What you should do. The expected result is the full listing, retyped exactly, without a single picture.
====
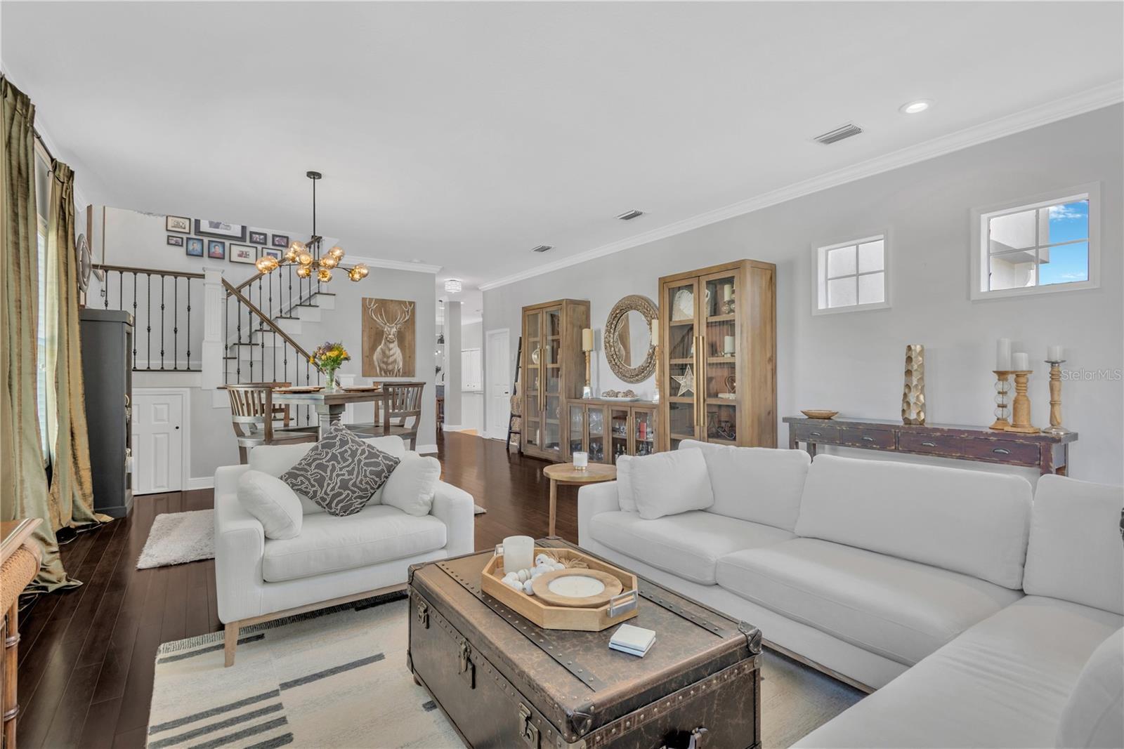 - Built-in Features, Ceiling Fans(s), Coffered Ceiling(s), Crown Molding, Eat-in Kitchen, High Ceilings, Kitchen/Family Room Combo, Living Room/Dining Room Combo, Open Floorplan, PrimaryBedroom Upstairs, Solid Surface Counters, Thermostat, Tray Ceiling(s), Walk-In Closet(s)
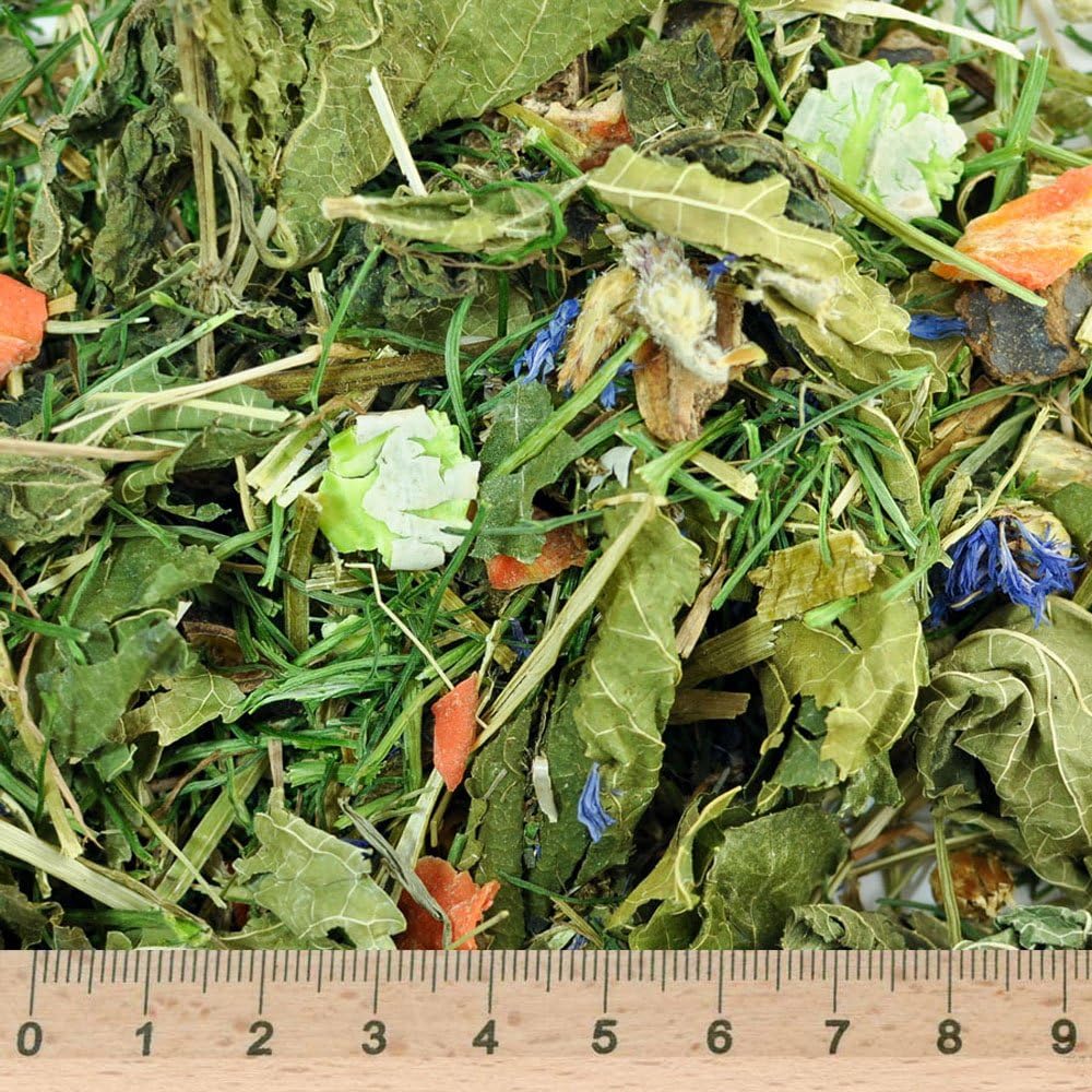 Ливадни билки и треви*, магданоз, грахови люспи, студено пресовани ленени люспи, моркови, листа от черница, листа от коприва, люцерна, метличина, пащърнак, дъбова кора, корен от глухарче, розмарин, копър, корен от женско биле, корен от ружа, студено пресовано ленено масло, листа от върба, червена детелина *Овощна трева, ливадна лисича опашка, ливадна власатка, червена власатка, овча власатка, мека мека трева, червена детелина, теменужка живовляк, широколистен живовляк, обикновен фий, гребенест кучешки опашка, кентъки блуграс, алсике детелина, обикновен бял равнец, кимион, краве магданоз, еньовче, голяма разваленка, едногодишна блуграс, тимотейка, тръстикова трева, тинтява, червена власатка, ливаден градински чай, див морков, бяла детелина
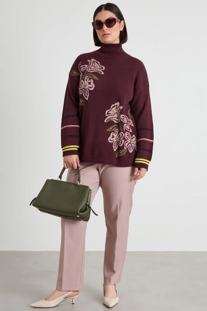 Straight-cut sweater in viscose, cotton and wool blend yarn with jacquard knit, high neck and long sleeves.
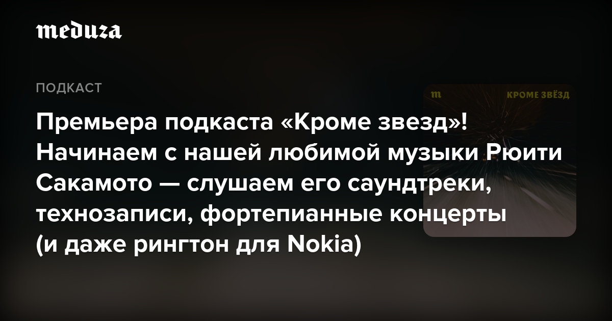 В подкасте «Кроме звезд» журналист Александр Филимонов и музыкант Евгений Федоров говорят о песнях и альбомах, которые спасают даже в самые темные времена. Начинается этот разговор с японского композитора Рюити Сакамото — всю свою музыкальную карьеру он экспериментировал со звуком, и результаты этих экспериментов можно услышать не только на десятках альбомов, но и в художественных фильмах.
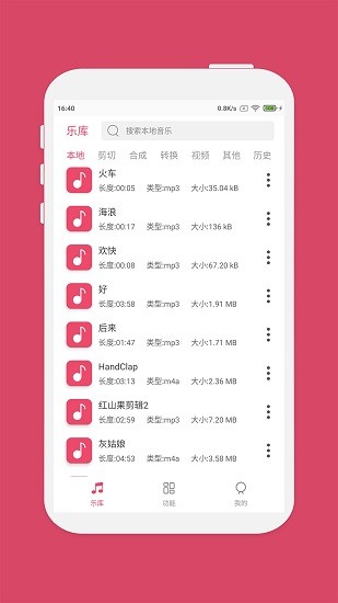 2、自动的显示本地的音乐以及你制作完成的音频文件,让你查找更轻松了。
====
Expected answer.
 - Built-in Features, Ceiling Fans(s), Coffered Ceiling(s), Crown Molding, Eat-in Kitchen, High Ceilings, Kitchen/Family Room Combo, Living Room/Dining Room Combo, Open Floorplan, PrimaryBedroom Upstairs, Solid Surface Counters, Thermostat, Tray Ceiling(s), Walk-In Closet(s)
 Ливадни билки и треви*, магданоз, грахови люспи, студено пресовани ленени люспи, моркови, листа от черница, листа от коприва, люцерна, метличина, пащърнак, дъбова кора, корен от глухарче, розмарин, копър, корен от женско биле, корен от ружа, студено пресовано ленено масло, листа от върба, червена детелина *Овощна трева, ливадна лисича опашка, ливадна власатка, червена власатка, овча власатка, мека мека трева, червена детелина, теменужка живовляк, широколистен живовляк, обикновен фий, гребенест кучешки опашка, кентъки блуграс, алсике детелина, обикновен бял равнец, кимион, краве магданоз, еньовче, голяма разваленка, едногодишна блуграс, тимотейка, тръстикова трева, тинтява, червена власатка, ливаден градински чай, див морков, бяла детелина
 Straight-cut sweater in viscose, cotton and wool blend yarn with jacquard knit, high neck and long sleeves.
 В подкасте «Кроме звезд» журналист Александр Филимонов и музыкант Евгений Федоров говорят о песнях и альбомах, которые спасают даже в самые темные времена. Начинается этот разговор с японского композитора Рюити Сакамото — всю свою музыкальную карьеру он экспериментировал со звуком, и результаты этих экспериментов можно услышать не только на десятках альбомов, но и в художественных фильмах.
 2、自动的显示本地的音乐以及你制作完成的音频文件,让你查找更轻松了。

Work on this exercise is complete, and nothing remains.